▶ [WHAT THE TASK ASKS]:
Quote exactly and only this range of lines in the data below: the line that holds "個人のレベルに合わせて作品を" to the line that holds "Če pa še ne", both included.

▶ [GIVEN ENTRIES]:
_ _ _ _

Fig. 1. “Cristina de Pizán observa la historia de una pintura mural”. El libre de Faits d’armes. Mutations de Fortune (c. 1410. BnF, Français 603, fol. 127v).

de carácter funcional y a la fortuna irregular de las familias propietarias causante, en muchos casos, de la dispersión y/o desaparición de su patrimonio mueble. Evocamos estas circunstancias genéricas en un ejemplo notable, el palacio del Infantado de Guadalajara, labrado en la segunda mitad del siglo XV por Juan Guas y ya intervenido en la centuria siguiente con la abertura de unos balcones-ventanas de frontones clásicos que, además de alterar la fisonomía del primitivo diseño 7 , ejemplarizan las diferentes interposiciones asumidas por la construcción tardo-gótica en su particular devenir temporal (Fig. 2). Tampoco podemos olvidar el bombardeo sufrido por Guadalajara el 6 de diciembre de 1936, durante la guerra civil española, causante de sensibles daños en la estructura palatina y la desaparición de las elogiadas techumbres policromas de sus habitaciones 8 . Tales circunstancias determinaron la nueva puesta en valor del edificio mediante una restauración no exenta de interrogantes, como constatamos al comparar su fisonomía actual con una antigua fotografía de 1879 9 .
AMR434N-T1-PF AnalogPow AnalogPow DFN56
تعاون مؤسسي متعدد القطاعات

_ _ _ _

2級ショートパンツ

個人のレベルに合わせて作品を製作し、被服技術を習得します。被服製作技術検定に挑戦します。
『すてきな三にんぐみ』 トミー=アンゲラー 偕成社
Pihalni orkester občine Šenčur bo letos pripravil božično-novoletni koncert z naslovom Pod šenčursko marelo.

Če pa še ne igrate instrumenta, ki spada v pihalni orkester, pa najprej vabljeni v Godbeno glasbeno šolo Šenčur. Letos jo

_ _ _ _

▶ [SOLVED PROBLEM]:
個人のレベルに合わせて作品を製作し、被服技術を習得します。被服製作技術検定に挑戦します。
『すてきな三にんぐみ』 トミー=アンゲラー 偕成社
Pihalni orkester občine Šenčur bo letos pripravil božično-novoletni koncert z naslovom Pod šenčursko marelo.

Če pa še ne igrate instrumenta, ki spada v pihalni orkester, pa najprej vabljeni v Godbeno glasbeno šolo Šenčur. Letos jo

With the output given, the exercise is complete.